The title of my book is a nod to William Friedkin’s 1985 film To Live and Die in L.A. For me, it’s a movie perfectly evocative of the eighties because it is a story about artifice. The plot centers on the pursuit of a counterfeiter who is both brilliant and ruthless. His forgeries are expertly crafted, fooling both those too naive to recognize the trick and those on the hunt to expose the truth. Even the film’s heroes engage in their own kind of con, deceiving colleagues, loved ones, and themselves. Indeed, the entire cast of characters is a tapestry of pretenses. Bilge Ebiri at the Village Voice put it elegantly when he described To Live and Die in L.A. as “a movie all about facades. The posturing characters, the synthesized soundtrack, the heavily art-designed frames, the gyms and the strip clubs and the avant-garde dance performances that put bodies on full display—all serve to create a world of whisper-thin surfaces, beautiful and magnetic and unreal.”1

The thing I find especially interesting about To Live and Die in L.A. is the way the filmmaker uses artistic realism so purposefully as a backdrop for this tale about illusions. The car-chase sequences in the film are relentlessly raw, devoid of the sorts of special effects and jump cuts that, in other action films, allow viewers some distance from the tension. Friedkin makes you feel every bump and swerve and near-miss. It’s nauseatingly realistic. What’s more, to portray Los Angeles, the director skips the obvious cinematic settings: there are no iconic neighborhoods or skylines and no glorified city landmarks. Only the empty, concrete channels of the LA River, beloved by locals and not tourists, make an appearance. Like film noir directors of an earlier generation, Friedkin seems intent on blunting fantasies of Los Angeles by exploiting popular fears of urban underworlds. So perhaps it should come as no surprise that the white director took his production crew to black neighborhoods in Inglewood, South Central, and the Nickerson Gardens projects in Watts.

Like the film that inspired my title, To Live and Defy in LA is a book about the relationship between artifice and authenticity. Here, it is black youths, rather than white artists, who use these creative devices to subvert mythologies about Los Angeles. They deploy both—fusing make-believe with real life—to captivate, provoke, and entertain.

To Live and Defy in LA is also, like Friedkin’s movie, about the eighties. Although I conclude with the 1992 LA riots and the music that emerged from that moment, the arc of the story is largely defined by the decade prior. This means I do not explore the generation of artists who took on the mantle of LA rap in the mid-1990s, including Snoop Dogg, Tha Dogg Pound, DJ Quik, Suga Free, MC Eiht, Cypress Hill, and Tupac Shakur.2 Nor do I examine the stylistic and ideological diversification of LA hip-hop in the 1990s following the meteoric rise of gangsta rap, an important development in the genre’s history exemplified by the growth of the Good Life Cafe arts movement. The most impassioned music fan seeking an encyclopedic survey of Los Angeles hip-hop history will not find that here. But my hope is that those expecting boilerplate coverage will be pleased with the depth and discovery in these pages focused on the genre’s origins.

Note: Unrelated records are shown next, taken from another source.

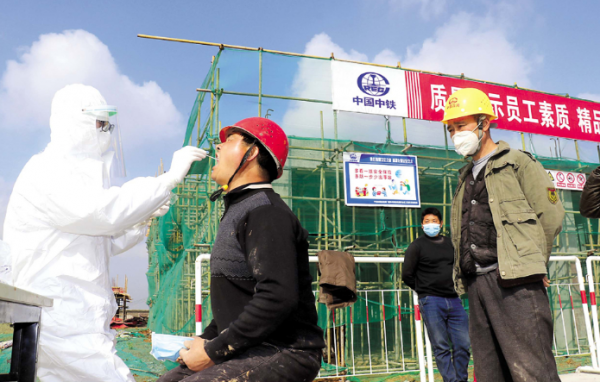 3月30日,中鐵四局市政公司荊門國際內(nèi)陸港鐵路作業(yè)區(qū)項目部請掇刀區(qū)麻城鎮(zhèn)衛(wèi)生院醫(yī)護人員到工地為返崗農(nóng)民工進行核酸檢測。據(jù)了解,該項目部一手抓疫情防控,一手抓有序復(fù)工,采取“點對點”包車方式接員工返崗,進行防疫知識宣講,配備防疫物資,對辦公場所、食堂、宿舍進行消毒,保證復(fù)工安全。記者 朱舜 通訊員 王鵬 攝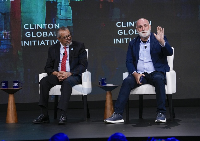 Tedros Adhanom Ghebreyesus Director General World Health Organization, Jose Andres during the 2025 Clinton Global Initiative, held at the New York Hilton in New York City, Thursday, September 25, 2025., Credit:Jennifer Graylock-Graylock.com / Avalon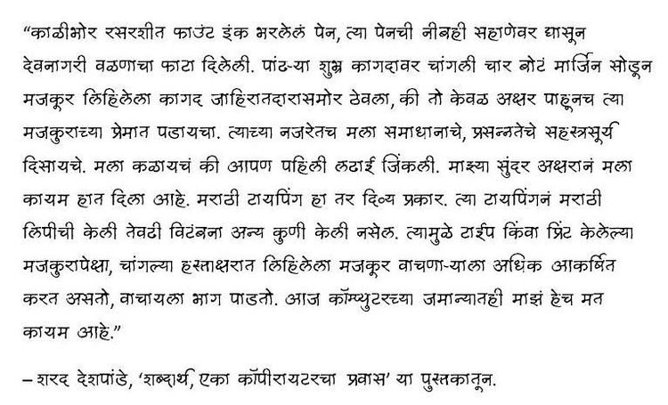 सध्या तुम्हाला ‘बोभाटा’वर दिसणारी वळणदार अक्षरं ही शरद देशपांडे यांच्या हस्ताक्षराचीच देणगी आहे, असं म्हणलं तरी वावगं ठरणार नाही. मोठमोठ्या ब्रँडच्या लोगोपासून सोशल मिडीयावर फिरणाऱ्या कविता, संतवचनांपर्यंत अनेक प्रकारची देवनागरी लिखाणं सध्या या फॉन्टमध्ये लिहिलेली दिसतात. या सुंदरशा फॉन्टच्या निर्मितीची कथाही तितकीच रंजक आहे. हा फॉन्ट ज्यांच्या हस्ताक्षरावरून डिझाईन करण्यात आला आहे, ते म्हणजे शरद देशपांडे. १९६२पासून मराठी भाषेतील ग्राहकप्रिय आणि वाचकांच्या संग्रही राहिलेल्या हजारो जाहिराती लिहिणारे मराठी कॉपीरायटर, शरद देशपांडे (‘घराला घरपण देणारी माणसं...’ हे शब्द त्यांचेच). भाषेवर, लिखाणावर भरभरून प्रेम करणाऱ्या शरद देशपांडे यांनी पुण्यातल्या ‘सेतू अडव्हर्टायझिंग’ या जाहिरात कंपनीची स्थापना केली. समस्त सेतू परिवाराचे लाडके ‘काका’ असलेल्या देशपांडे यांनी मराठी कॉपीरायटिंगची कला एका वेगळ्याच उंचीवर नेऊन ठेवली.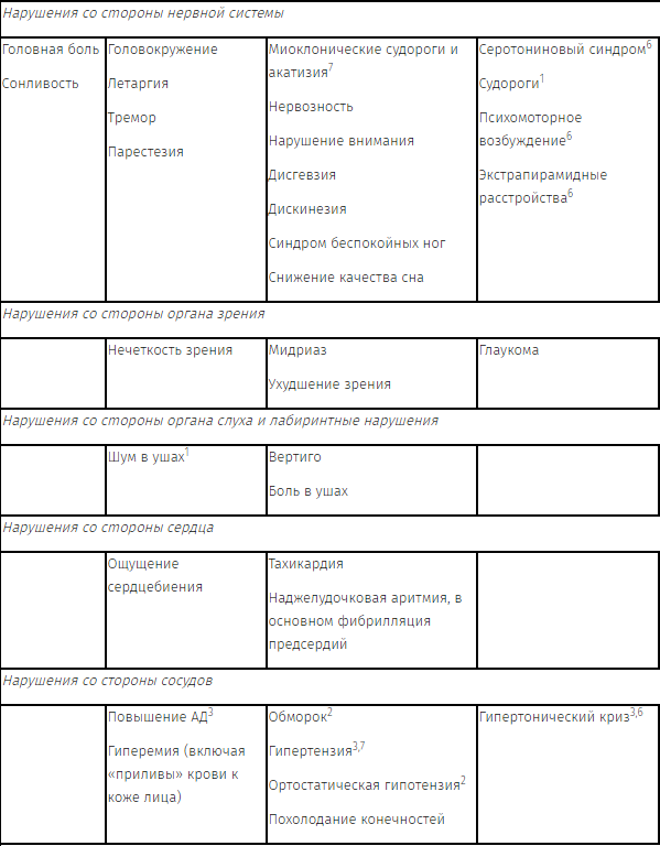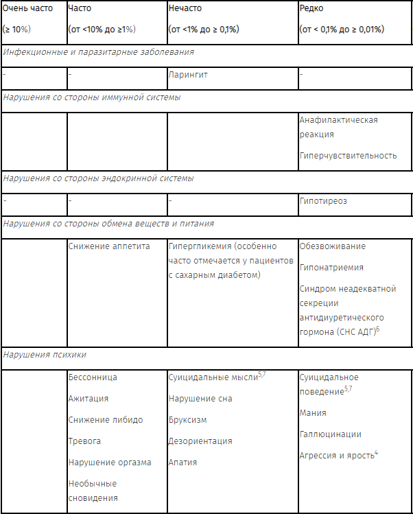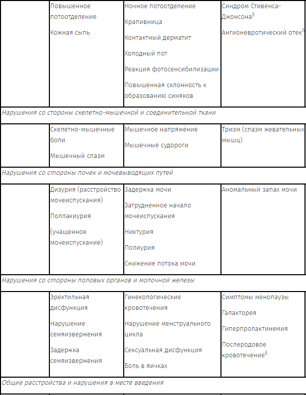 1 Случаи судорог и шума в ушах также отмечались и после отмены терапии.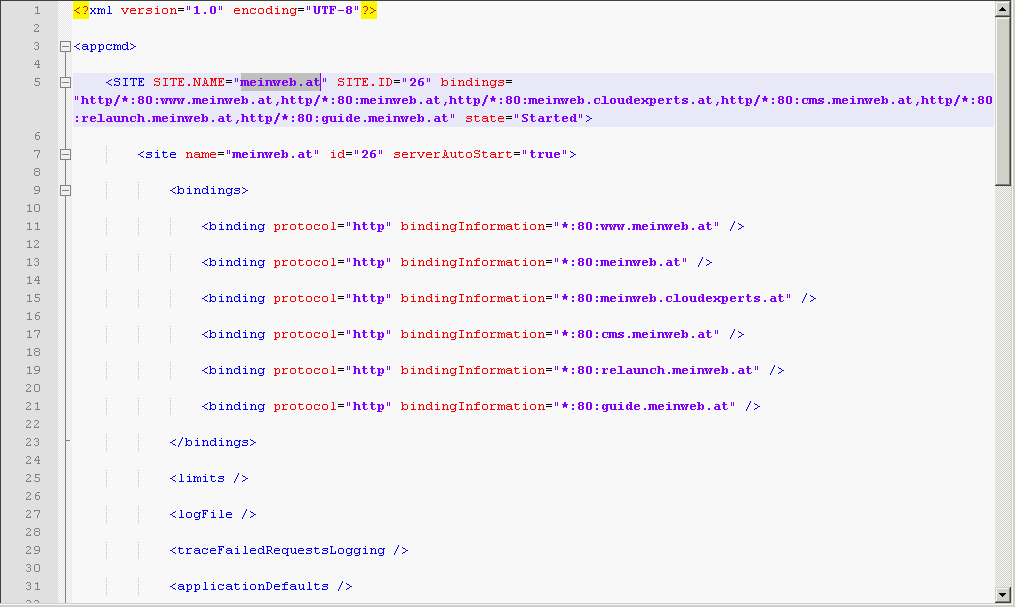 appcmd list site /name:meinweb.at /config /xml > C:\Temp\meinweb.xml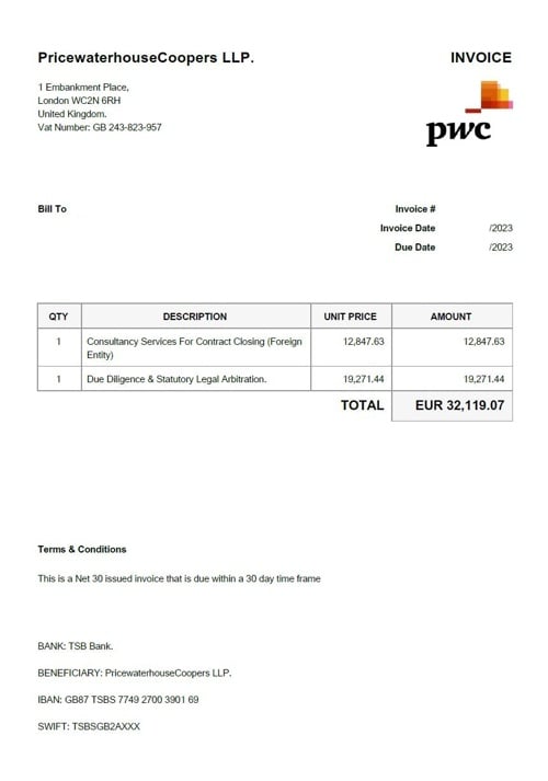PricewaterhouseCoopers LLP. (KAPAT NAMN)

I also, purposefully, avoided drawing this story forward to the present. While it is tempting to wax poetic about a genre I still love, arguments I pitch about current rap will inevitably sound dated to even casual observers of music trends. For many years I have been a devoted fan, a DJ, and a pop culture scholar, and the thing about rap that has always seduced me is the rate at which it transforms, innovating and adapting at breakneck speed. I have attempted here, by carving out this brief-yet-critical moment in the timeline, to detail some of that dynamism with respect for the fact that this music is always in flux.

At the same time, it has also become quite clear to me that as rap innovates some changes resonate longer and loom larger than others. To Live and Defy in LA is grounded in my contention that many of the themes popularly associated with rap music since the early 1990s—its uncompromising blackness, its militancy with respect to the police and other institutions of white supremacy, and its reconciliation of commercial success with rebellion—are rooted in Los Angeles gangsta rap.